EXERCISE DETAILS — After locating the line containing "Green bodies, pink" in the entries below, please write out that line and the rest through the end exactly. Omit pictures.

---------- MATERIAL PROVIDED

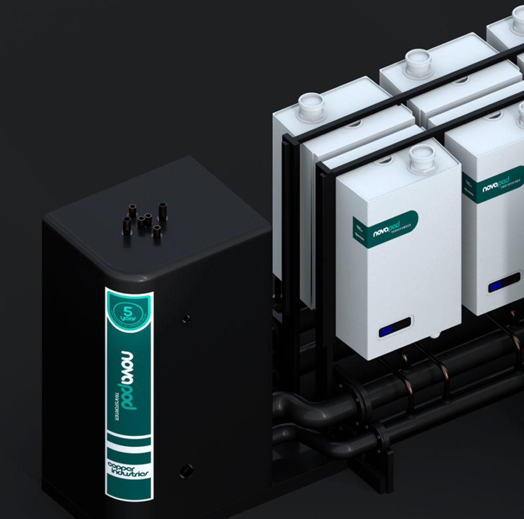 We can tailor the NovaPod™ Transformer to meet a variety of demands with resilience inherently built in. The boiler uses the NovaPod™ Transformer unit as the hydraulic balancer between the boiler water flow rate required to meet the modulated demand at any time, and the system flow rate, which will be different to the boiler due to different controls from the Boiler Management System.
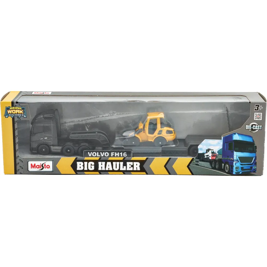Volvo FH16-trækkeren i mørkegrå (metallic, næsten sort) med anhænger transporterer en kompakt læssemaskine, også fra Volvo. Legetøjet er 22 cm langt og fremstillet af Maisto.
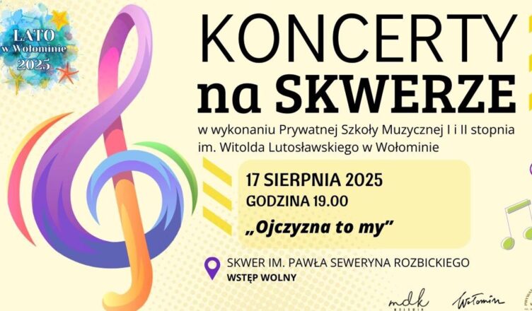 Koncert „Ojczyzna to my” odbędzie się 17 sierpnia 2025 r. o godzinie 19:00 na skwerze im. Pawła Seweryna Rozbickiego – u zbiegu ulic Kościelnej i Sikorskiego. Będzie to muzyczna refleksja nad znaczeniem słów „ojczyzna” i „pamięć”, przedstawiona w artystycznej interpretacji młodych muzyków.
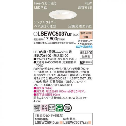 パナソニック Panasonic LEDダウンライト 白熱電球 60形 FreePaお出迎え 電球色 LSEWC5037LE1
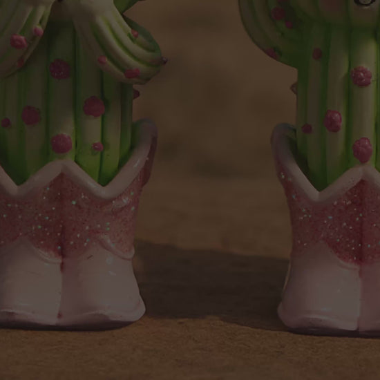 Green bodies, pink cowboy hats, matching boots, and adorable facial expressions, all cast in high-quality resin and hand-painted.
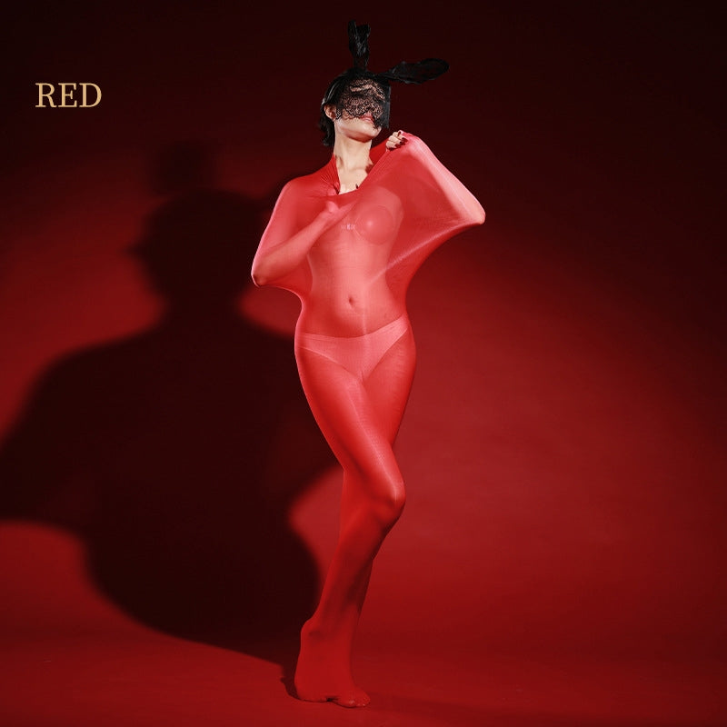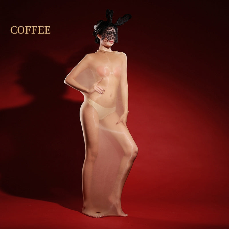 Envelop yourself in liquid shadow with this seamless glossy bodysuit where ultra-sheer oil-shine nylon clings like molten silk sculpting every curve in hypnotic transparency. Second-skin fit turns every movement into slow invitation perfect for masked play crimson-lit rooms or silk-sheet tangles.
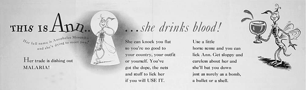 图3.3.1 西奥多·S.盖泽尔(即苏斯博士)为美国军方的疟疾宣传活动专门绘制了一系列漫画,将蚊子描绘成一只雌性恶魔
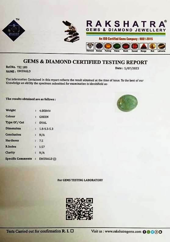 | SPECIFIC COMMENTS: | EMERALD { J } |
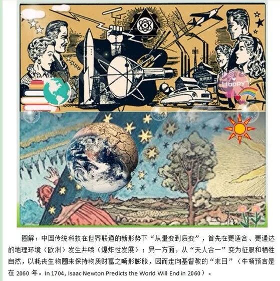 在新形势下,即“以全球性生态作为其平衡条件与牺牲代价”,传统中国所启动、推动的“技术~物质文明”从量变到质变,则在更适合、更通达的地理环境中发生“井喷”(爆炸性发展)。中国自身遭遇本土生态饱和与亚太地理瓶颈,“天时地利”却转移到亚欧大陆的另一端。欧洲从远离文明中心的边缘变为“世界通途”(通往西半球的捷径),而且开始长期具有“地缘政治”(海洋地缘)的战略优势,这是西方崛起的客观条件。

--------------------

ANSWER TO THE EXERCISE —
 Green bodies, pink cowboy hats, matching boots, and adorable facial expressions, all cast in high-quality resin and hand-painted.
 Envelop yourself in liquid shadow with this seamless glossy bodysuit where ultra-sheer oil-shine nylon clings like molten silk sculpting every curve in hypnotic transparency. Second-skin fit turns every movement into slow invitation perfect for masked play crimson-lit rooms or silk-sheet tangles.
 图3.3.1 西奥多·S.盖泽尔(即苏斯博士)为美国军方的疟疾宣传活动专门绘制了一系列漫画,将蚊子描绘成一只雌性恶魔
 | SPECIFIC COMMENTS: | EMERALD { J } |
 在新形势下,即“以全球性生态作为其平衡条件与牺牲代价”,传统中国所启动、推动的“技术~物质文明”从量变到质变,则在更适合、更通达的地理环境中发生“井喷”(爆炸性发展)。中国自身遭遇本土生态饱和与亚太地理瓶颈,“天时地利”却转移到亚欧大陆的另一端。欧洲从远离文明中心的边缘变为“世界通途”(通往西半球的捷径),而且开始长期具有“地缘政治”(海洋地缘)的战略优势,这是西方崛起的客观条件。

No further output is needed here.